After a few weeks of this ‘shuttle diplomacy’, I hit upon the idea of changing the location of my projected gay B&B from Noumea to Noosa, which was only a 30-minute drive away, so that I would be able to get on with my own life and my idea of running a gay B&B, and at the same time be on hand to help my uncle and aunt. With a bit of searching I found and purchased a property with potential a few hundred metres from the beach, and then recruited a gay friend from Melbourne (who was a male nurse and recovering from a broken gay relationship) to come and help me, on a part-time basis, while working at the local hospital. An architect and a builder were duly engaged to make the necessary modifications, and after about six months of renovations we were able to open the place for business.
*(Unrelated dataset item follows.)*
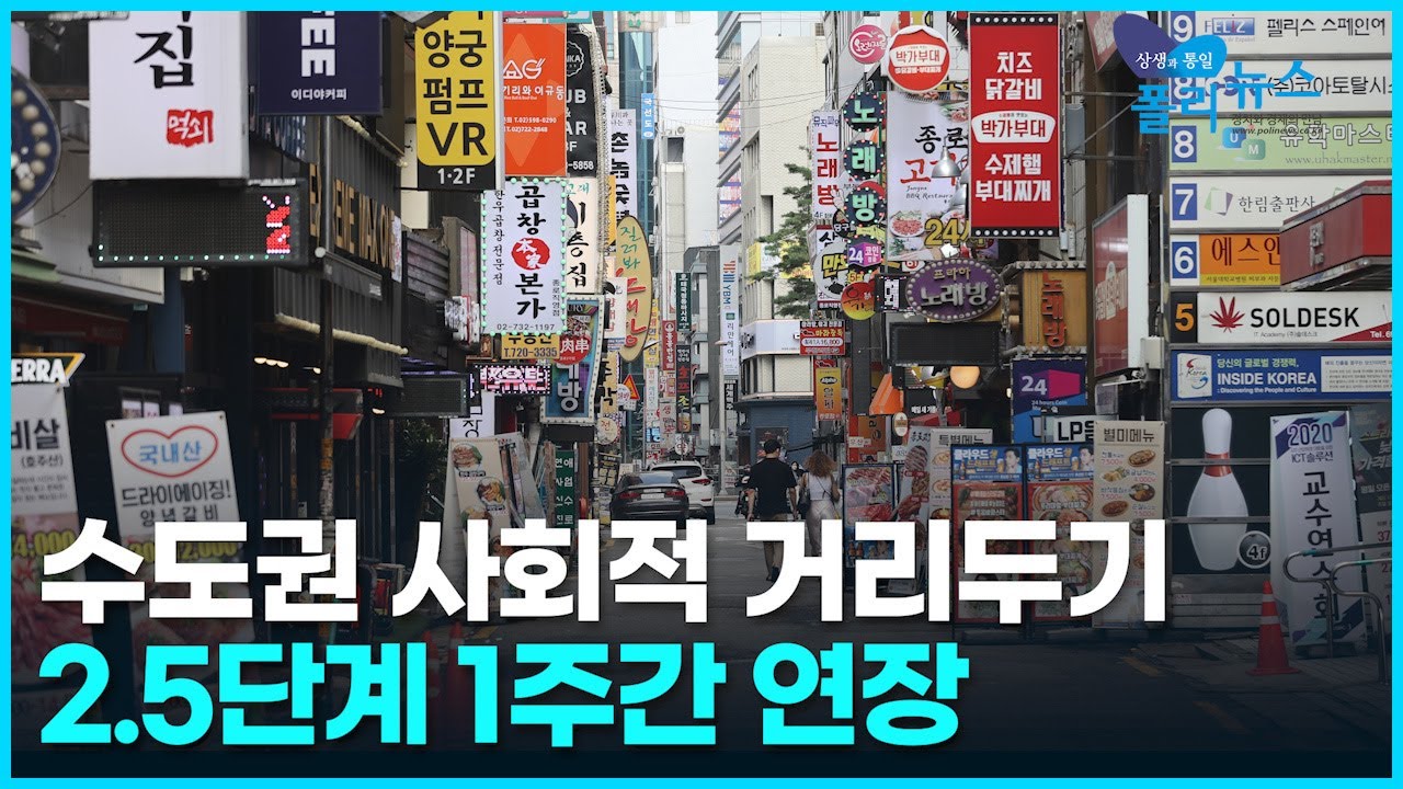 - 수도권 사회적 거리두기 2.5단계 1주 연장...전국은 2단계 2주 연장

One day while the alterations were still under way, my friend and I had been sitting on the nearby beach when we noticed two large, dark birds patrolling above us along the beach, no doubt looking for their lunch. We decided (incorrectly, as it turned out) that they were falcons, and were a good omen, so we named the guesthouse ‘Falcons’. Business was slow at first but with carefully placed advertising it built up fairly quickly. By the end of the first year nearly half of the customers came from interstate and overseas. The name helped, as many customers thought that we were some sort of down-under branch of the famous Falcons porn studios in California!
No sooner had we got the business running smoothly, however, after eighteen months or so of hard work, than my friend and business partner decided to leave to pursue a new development in his love-life. Fortunately, I had told my uncle and aunt about my homosexuality (my aunt’s response had been, ‘But we’ve always known that, dear’) and also that the guesthouse was aimed at the gay market, because twelve months later it was my own love-life that interfered with the running of the business. I had been lucky enough to find a replacement business partner locally, and with his help the venture went from strength to strength. Suddenly, however, the thunderbolt struck and I met ‘Mr Right’, a handsome chap many years my junior attracted by, rather than deterred by, grey hair. Unfortunately, he lived and worked in Brisbane, an hour and a half away by car.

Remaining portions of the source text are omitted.